Task to complete:
A verbatim copy is needed of the lines below from the one containing "Đoàn viên Trung" up to and including the one containing "The rooms were", excluding pictures.
** Opening Records for this exercise block **
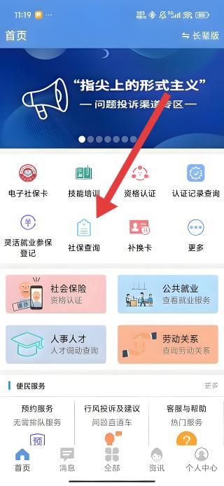 1、在社保服务首页,找到并点击社保查询选项,进入社会保险功能界面,可查看参保情况、缴费信息等各类社保相关信息入口。
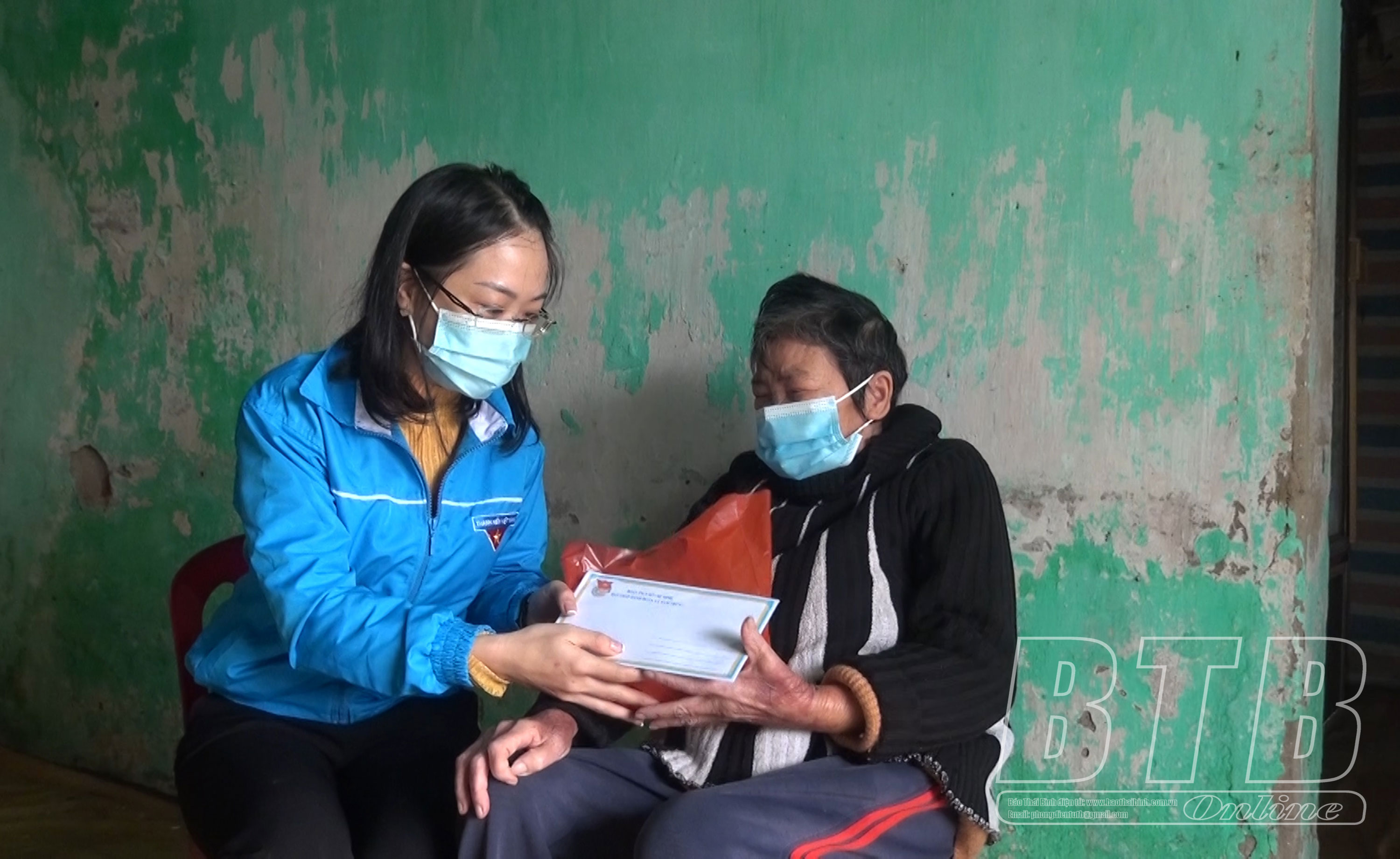 Đoàn viên Trung tâm Y tế huyện Tiền Hải khám bệnh, cấp thuốc miễn phí cho người cao tuổi xã Nam Trung.
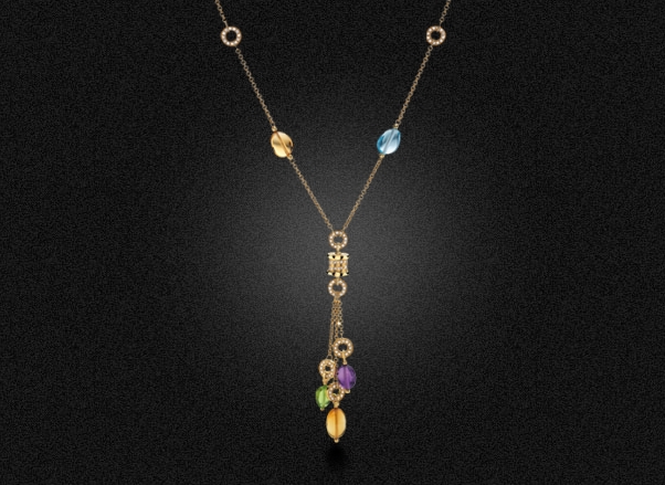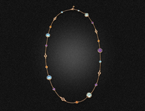 Cocktail长款项链,18K玫瑰金材质,镶嵌蓝色托帕石、绿水晶、黄水晶和紫水晶,饰以密镶钻石。长度93厘米。http://mmbiz.qpic.cn/mmbiz/osv7xnooomGhhBP8J3wRG93SxXgPDCspBvcSTNrgxF6j8Zy9wVZl7jtxre5QwjzoXPcAoUdqzubtp5sNEicHNrQ/0?wxfrom=5宝格丽经典之彩宝款(全集)" TITLE="【珠宝知识】
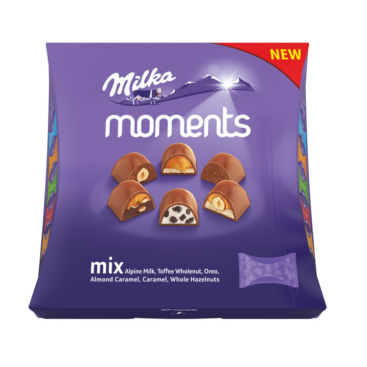 Assortiment de : chocolats au lait du pays alpin, chocolats au lait du pays alpin avec noisette entière (8,5 %), chocolats au lait du pays alpin fourrages saveur caramel (26 %), caramel (9 %) et noisette entière (9 %), chocolats au lait du pays alpin fourrages saveur caramel (25 %) et caramel (20 %), chocolats au lait du pays alpin fourrés (29 %) crème confiseur au lait et morceaux de biscuits cacaotés (10 %).
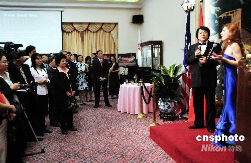 當地時間九月九日,在中國駐美大使館舉行的奧運成功答謝招待會上,北京奧運開幕主題歌《我和你》再度激蕩中美各界朋友的內心。圖為來自華盛頓著名專業合唱團職業歌唱家用意大利美聲唱法為招待會四百余名嘉賓演唱了這首歌曲,贏得了熱烈掌聲和贊揚。中新社發 邱江波 攝
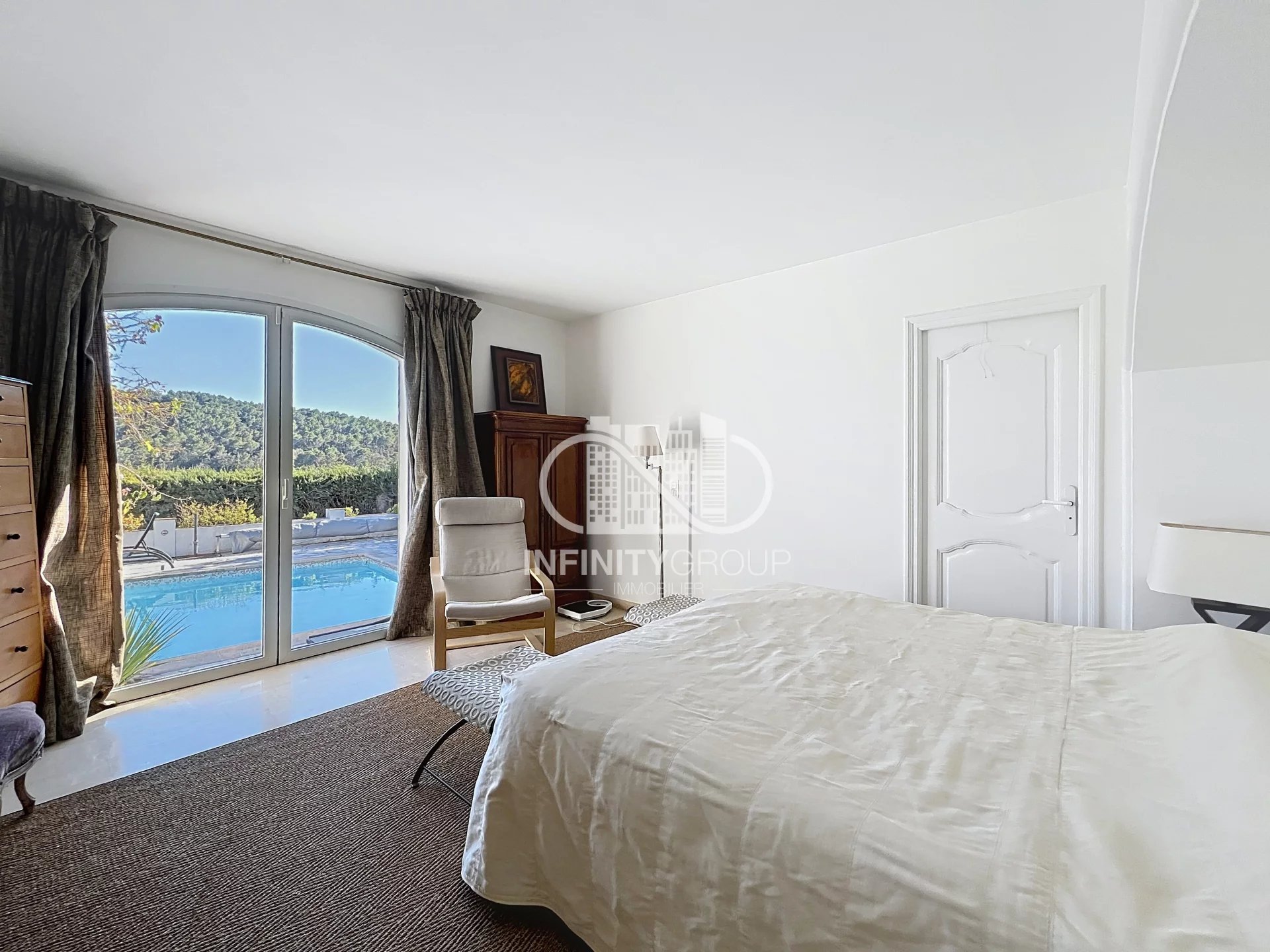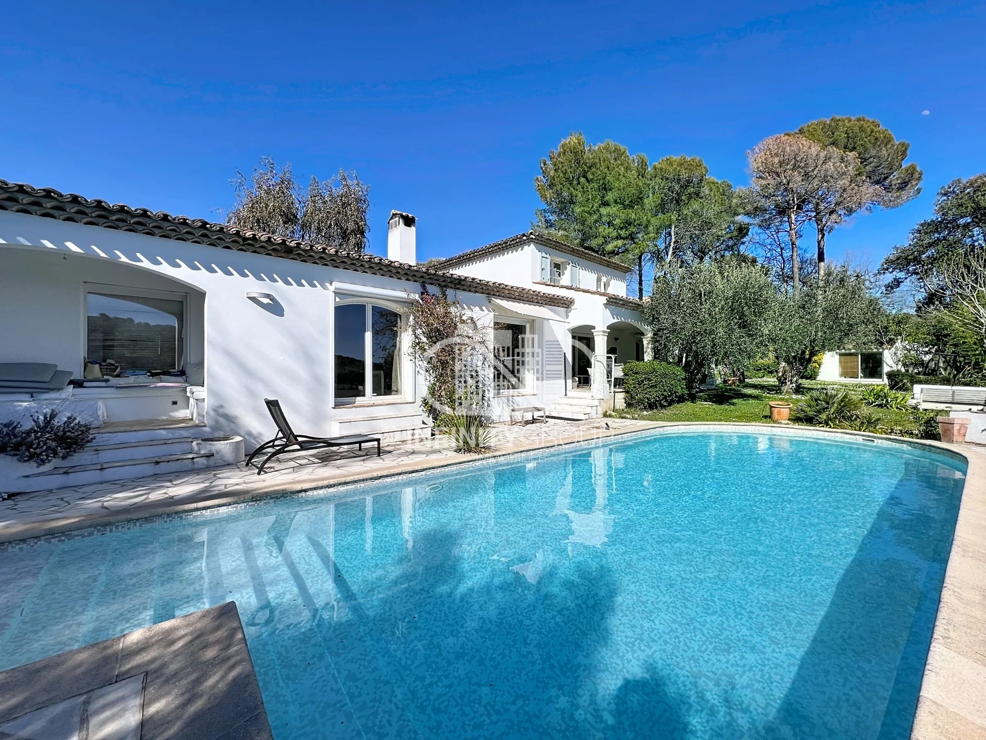 Belle villa familiale dans les quartiers recherché d’Opio, calme à proximité des commerces ! 2 dépendances équipées de SDB sur un grand terrain de 2666 m2 avec grande piscine ! Habitation principale de 145 m2 de plain pied, grand séjour cathédrale, salon avec cheminée, cuisine indépendante, 1 master , 1 suite dont une à l’étage.
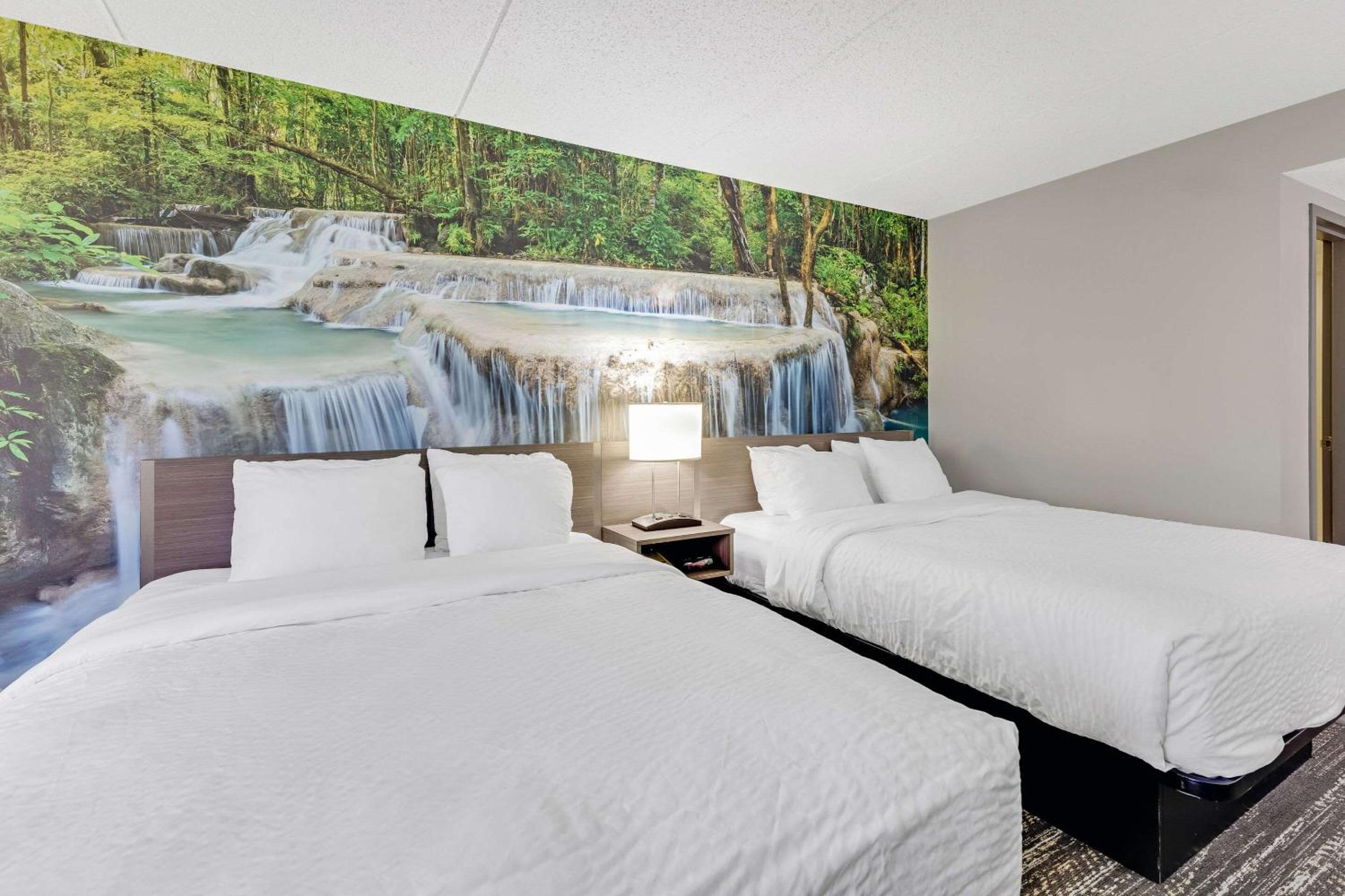 The rooms were very nice and well kept. The waterfall picture was a nice fun touch in the room. Overall was a very nice room and had a good stay.
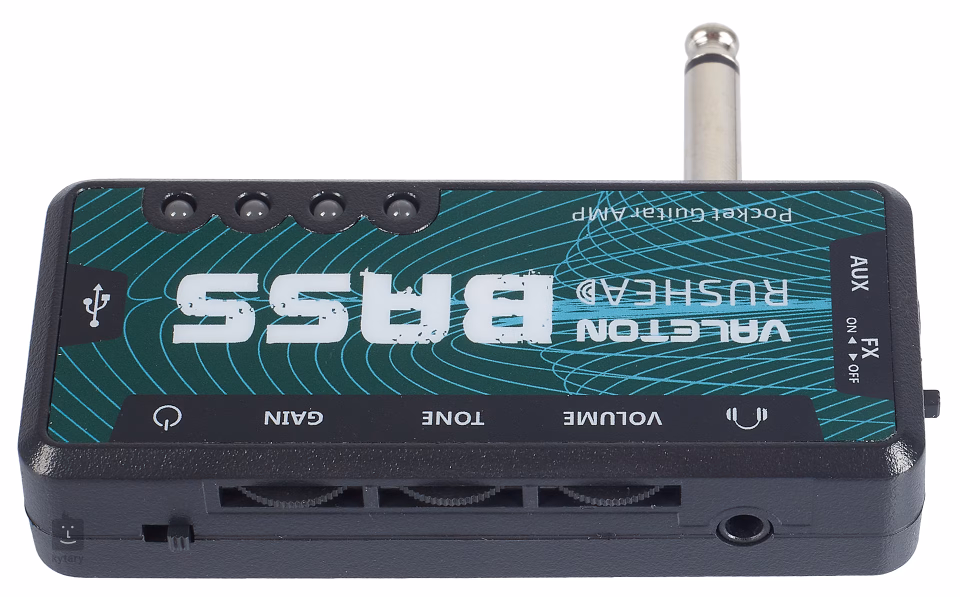 Rushead Bass je praktický baskytarový sluchátkový zesilovač s dobíjením 5V Li-ion baterie přes USB a výkonem až pět hodin na jedno dobití, Aux in vstupem pro nerušené jamování do vašich oblíbených skladeb, ovladači Volume, Tone a Gain pro upravení zvuku do požadované podoby a vypínatelnou efektovou jednotkou (chorus a reverb). Součástí balení je napájecí USB kabel.
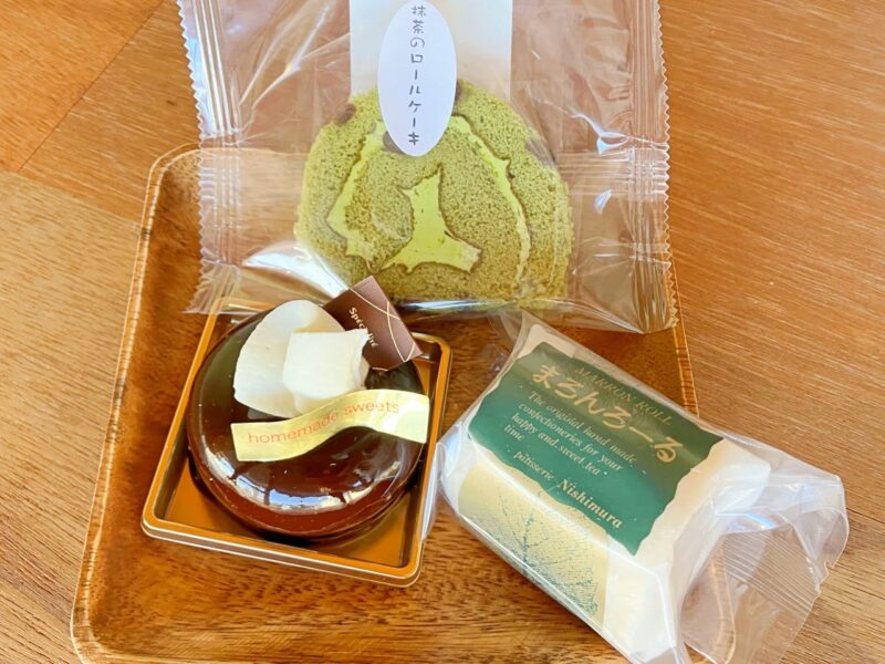 今回テイクアウトしたのは、抹茶のロールケーキ・生チョコケーキ・まろんろーるの3種類です。
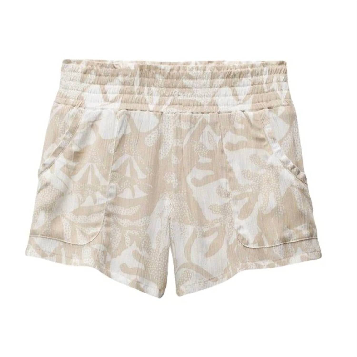 Fit to perfection, we love these high-waist shorts and you will too. The Fernie Short by prAna in Soft White Seaside is your go-to for boho chic beach days with its relaxed fit and patterned design. These mid-rise pull-on shorts are crafted from 100% Tencel™ Modal, featuring a wide elasticized waistband and both front and back patch pockets for added convenience. The asymmetrical hem adds a unique touch, while the 4-inch inseam ensures comfort and style. Proudly made in India under Fair Trade conditions, these shorts are easy to care for with machine wash instructions.
** Closing Records for this exercise block **
Solution for this problem:
 Đoàn viên Trung tâm Y tế huyện Tiền Hải khám bệnh, cấp thuốc miễn phí cho người cao tuổi xã Nam Trung.
 Cocktail长款项链,18K玫瑰金材质,镶嵌蓝色托帕石、绿水晶、黄水晶和紫水晶,饰以密镶钻石。长度93厘米。http://mmbiz.qpic.cn/mmbiz/osv7xnooomGhhBP8J3wRG93SxXgPDCspBvcSTNrgxF6j8Zy9wVZl7jtxre5QwjzoXPcAoUdqzubtp5sNEicHNrQ/0?wxfrom=5宝格丽经典之彩宝款(全集)" TITLE="【珠宝知识】
 Assortiment de : chocolats au lait du pays alpin, chocolats au lait du pays alpin avec noisette entière (8,5 %), chocolats au lait du pays alpin fourrages saveur caramel (26 %), caramel (9 %) et noisette entière (9 %), chocolats au lait du pays alpin fourrages saveur caramel (25 %) et caramel (20 %), chocolats au lait du pays alpin fourrés (29 %) crème confiseur au lait et morceaux de biscuits cacaotés (10 %).
 當地時間九月九日,在中國駐美大使館舉行的奧運成功答謝招待會上,北京奧運開幕主題歌《我和你》再度激蕩中美各界朋友的內心。圖為來自華盛頓著名專業合唱團職業歌唱家用意大利美聲唱法為招待會四百余名嘉賓演唱了這首歌曲,贏得了熱烈掌聲和贊揚。中新社發 邱江波 攝
 Belle villa familiale dans les quartiers recherché d’Opio, calme à proximité des commerces ! 2 dépendances équipées de SDB sur un grand terrain de 2666 m2 avec grande piscine ! Habitation principale de 145 m2 de plain pied, grand séjour cathédrale, salon avec cheminée, cuisine indépendante, 1 master , 1 suite dont une à l’étage.
 The rooms were very nice and well kept. The waterfall picture was a nice fun touch in the room. Overall was a very nice room and had a good stay.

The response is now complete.